What I witness time and time again is people getting frustrated with the difficulty of life.

The reality is that what you’re going through now is no more difficult than what you went through years ago or will go through years from now.

It’s only different.

You made it through then. It should offer you some peace of mind to know that.

Fortunately for us, while we don’t have good control on that level of difficulty, we do have control of what exactly is different; what do we sign up for; what kind of legacy are we trying to leave now?

Stay Positive & Imagination Is Under Your Control

Deciding

When you decide; it’s not that everything gets easier.

It’s a tectonic shift of what is hard and easy.

The hard stuff that was hard before deciding becomes easy.

The easy stuff (that is, the stuff that you didn’t have to do because you hadn’t decided yet) becomes hard.

The leaders worth following in the foot steps of don’t just do hard stuff… they do the better hard stuff.

And to get to better, we have to first decide to.

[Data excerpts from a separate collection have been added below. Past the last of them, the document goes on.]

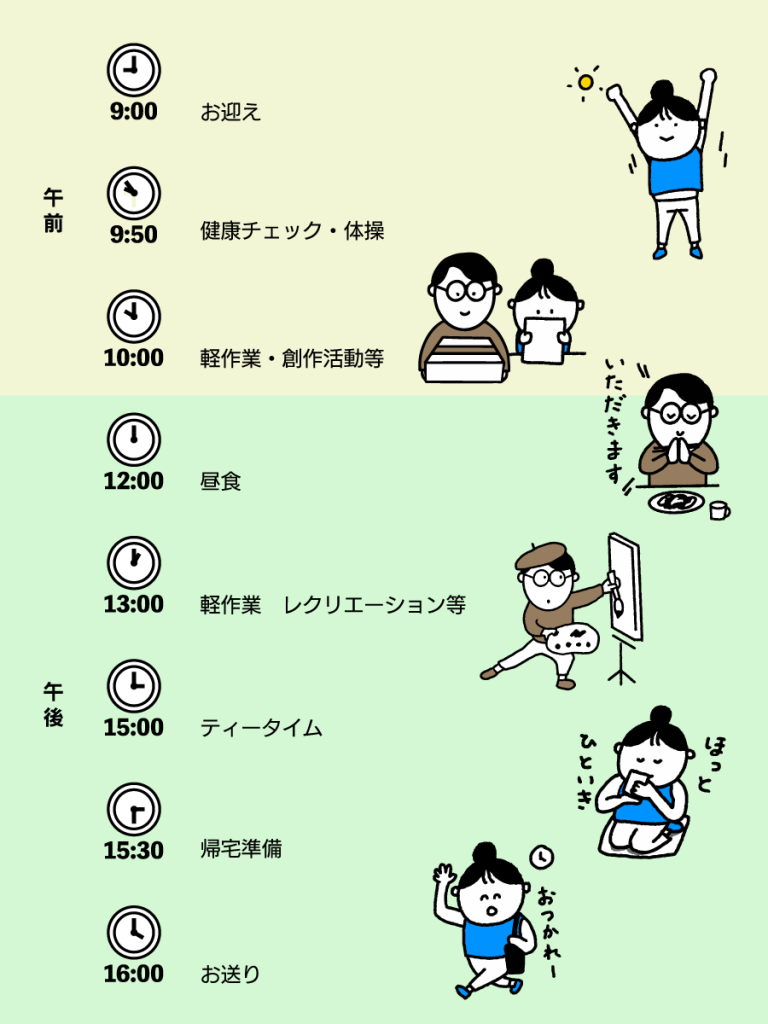 ご自宅にお迎えに伺い、帰宅時もご自宅に送迎させていただきます
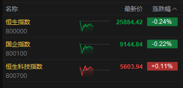11月28日消息,港股三大指数涨跌不一。截至午间收盘,恒生指数跌0.24%,报25884.42点,恒生科技指数涨0.11%,国企指数跌0.22%。盘面上,科网股跌多涨少,小米跌超0.5%,京东涨近1%;黄金股普涨,珠峰黄金涨超5%;创新药概念高开低走,药明康德(603259)跌超3%;海伟股份上市首日跌超15%。
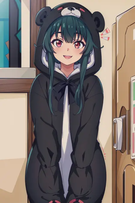首先,由乃的熊装出场时间分布并不均匀。大部分时间她都穿着黑色熊装,而白色熊装的出现则间隔很长……
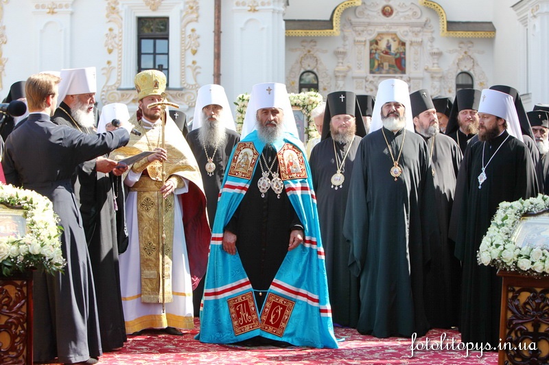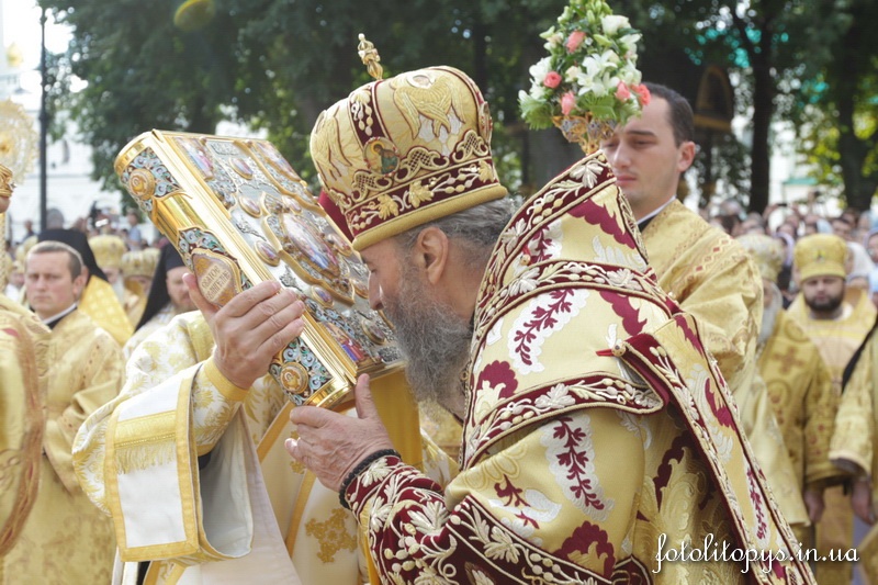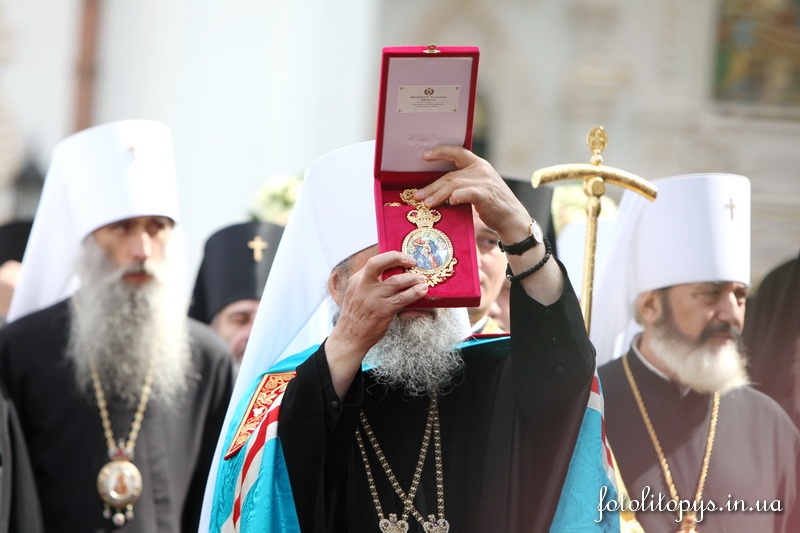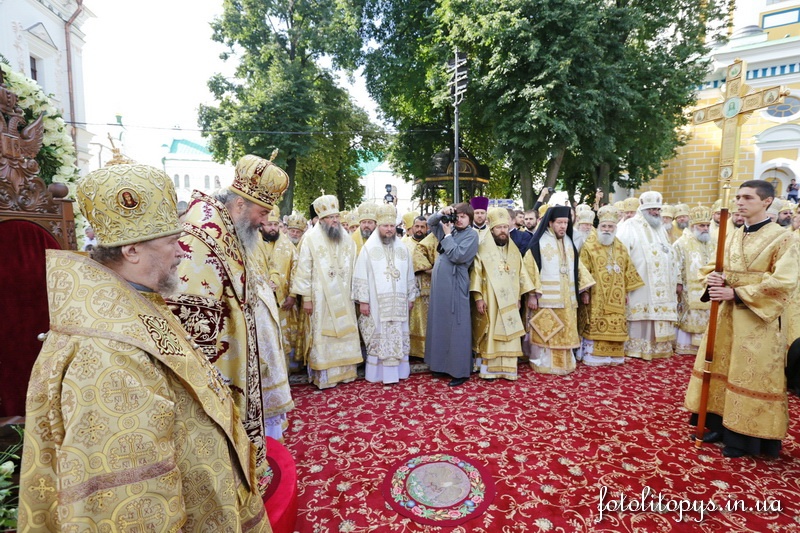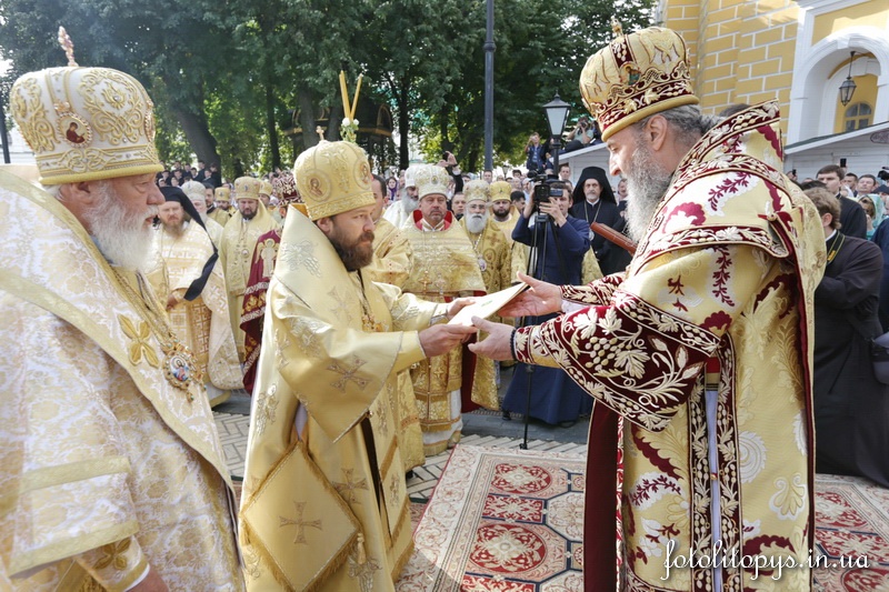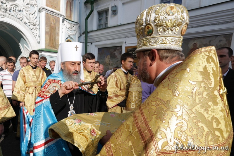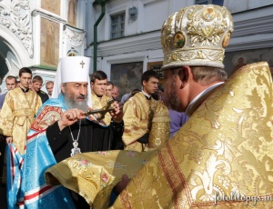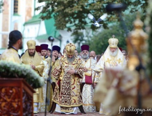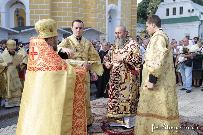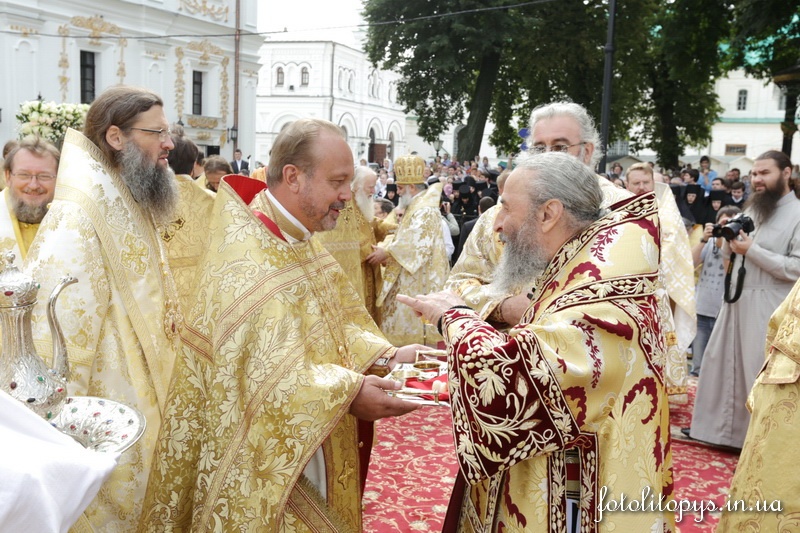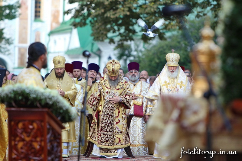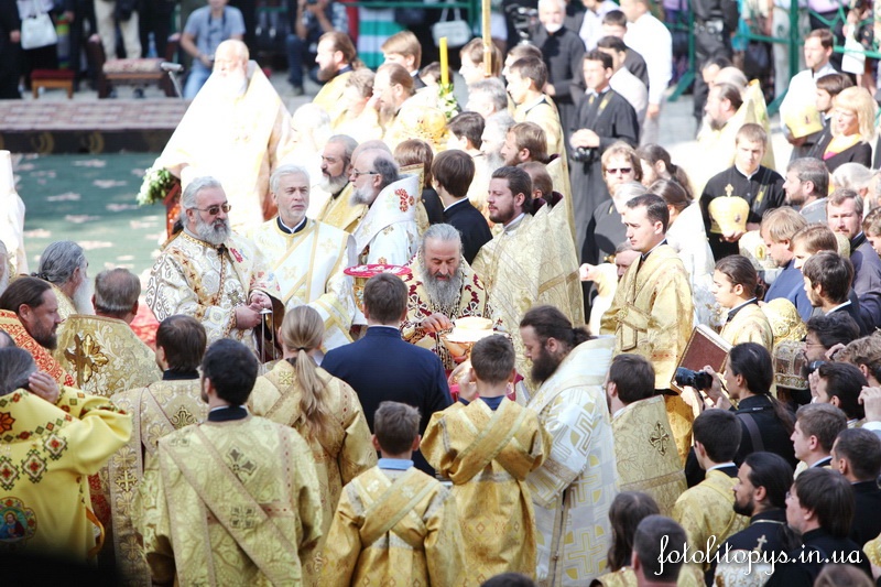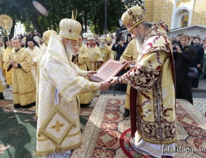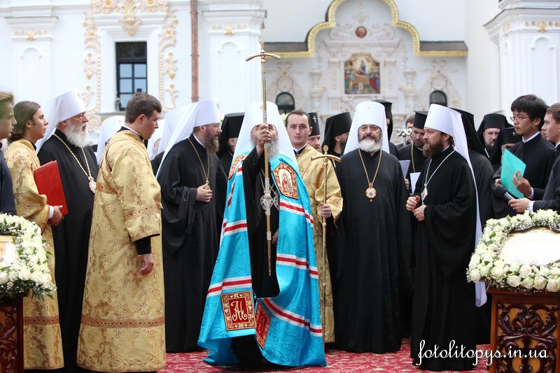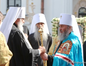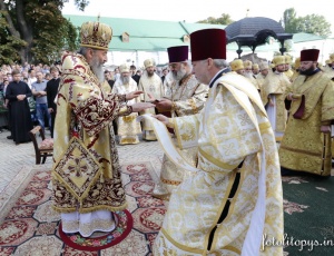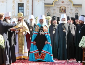 В Киево-Печерской лавре состоялась интронизация митрополита Киевского и всея Украины Онуфрия (фоторепортаж + видео)17 августа за Божественной литургией в Успенской Киево-Печерской Лавре состоялась интронизация Блаженнейшего митрополита Киевского и всея Украины Онуфрия, избранного 13 августа на Соборе епископов УПЦ Предстоятелем Украинской Православной Церкви. В богослужении, которое совершалось при большом стечении народа на площади перед Успенским собором, приняли участие: представитель Святейшего Патриарха Кирилла митрополит Волоколамский Иларион, представители Поместных Церквей: Константинопольской – митрополит Галльский Эммануил, Александрийской – митрополит Киринский Афанасий, Иерусалимской – митрополит Вострский Тимофей, Грузинской – митрополит Некресский Сергий и митрополит Потийский и Хобский Григорий, Сербской – епископ Моравичский Антоний, Румынской – митрополит Тырговиштский Нифон, Болгарской – митрополит Русенский Наум, Элладской – епископ Христианупольский Прокопий, Польской – архиепископ Люблинский и Холмский Авель, Чешских земель и Словакии – архимандрит Серафим (Шемятовский), Православной Церкви в Америке – епископ Нью-Йоркский и Нью-Джерсийский Михаил и епископ Квебекский Ириней, а также архиепископ Берлинско-Германский и Великобританский Марк (Русская Зарубежная Церковь), епископат и духовенство Украинской Православной Церкви. По Малом входе старейший по хиротонии член Священного Синода Украинской Православной Церкви митрополит Одесский и Измаильский Агафангел зачитал определение Собора епископов Украинской Православной Церкви об избрании митрополита Черновицкого и Буковинского Онуфрия Блаженнейшим митрополитом Киевским и всея Украины, а председатель Отдела внешних церковных связей Московского Патриархата митрополит Волоколамский Иларион огласил грамоту Святейшего Патриарха Московского и всея Руси Кирилла с благословением митрополиту Онуфрию на вступление в должность Предстоятеля Украинской Православной Церкви. После пения Трисвятого митрополит Одесский и Измаильский Агафангел и митрополит Симферопольский и Крымский Лазарь трижды торжественно посаждали владыку Онуфрия на Митрополичий трон на горнем месте. По завершении службы митрополит Одесский и Измаильский Агафангел от имени епископата, духовенства и верующих Украинской Православной Церкви поздравил Блаженнейшего митрополита Онуфрия с избранием на кафедру Киевских митрополитов и вручил жезл его предшественника – Блаженнейшего митрополита Владимира. Митрополит Волоколамский Иларион огласил приветственный адрес Святейшего Патриарха Московского и всея Руси Блаженнейшему митрополиту Киевскому и всея Украины Онуфрию и передал Его Блаженству памятный Патриарший дар – архиерейский жезл. После этого были оглашены поздравления от представителей власти и Предстоятелей Поместных Православных Церквей.

Stay Positive & Simplify Your Menu

Combating Frustration

Questions are powerful beyond the purpose of becoming informed.

They’re remarkable at combating frustration.

Why are they acting that way? What’s the most important task to do next? How did I get frustrated?

Of course, it’s not just asking the question, but answering them.

A Q&A with yourself goes a long way to mitigating or eliminating frustrations.

Which is all to say, that frustration? That’s on you.

Stay Positive & Auf Weidersehen, Frustration

The Quickest Way To Better

The quickest way to getting something to be better is by making it better.

Bit by tiny bit.

So much so that no one can tell it has been made better yet other than you.

(No one notices a few screws in cabinetry that were lightly screwed in. Finish screwing them in and it has been better even if no one else notices it has been made better.)

Stay Positive & Then Do It Again

Established Goals

There’s not a single presentation, guide or training that doesn’t talk about how important it is to establish goals.

They miss an important factor… probably the most important one after establishing them.

To re-stablish.

Updating a business plan isn’t just good practice; it’s a working self-fulfilling prophecy.

And writing as someone who has achieved many of the biz goals I’ve set out to complete, I’ve felt most horrible about my success and my head has gone spinning when one of two things happen: I need to pivot a goal but haven’t yet because I’m so locked on the goals I set or if I’ve achieved the goals and have no additional ones made beyond those yet.

Both headaches are ones easily alleviated by regularly re-establishing the goals.

Stay Positive & It’s Worth Paying Yours A Visit Soon

Lessons From The Presentation

Three reminders from a presentation I gave on AI to a room of roughly 20 business owners today.

  • Set expectations with the audience as early as possible. Under promise then over deliver.
  • Do all you can to know the people who will be in the room. Adjust your presentation to call them out specifically.
  • Pause during your riffs to read the room. If it’s going over their head, call out that you are observing that, make a final statement, and transition on. “If you want me to circle back to this more at the end, I can.” goes a long way.

Stay Positive & Go On And Prosper

Tightropes

How long does a tightrope walker try to balance on a tightrope?

How long does there need to be tension on the tightrope for a tightrope walker to perform?

The answers may shock you.

Well, not really. The shock comes from that connection that we’re all tightrope walkers in our work.

Balance isn’t something we attain, it’s something we constantly work toward.

And the work worth doing? There’s constant tension. No let up.

Of course, you can always get off the tightrope…but what’s the fun in that?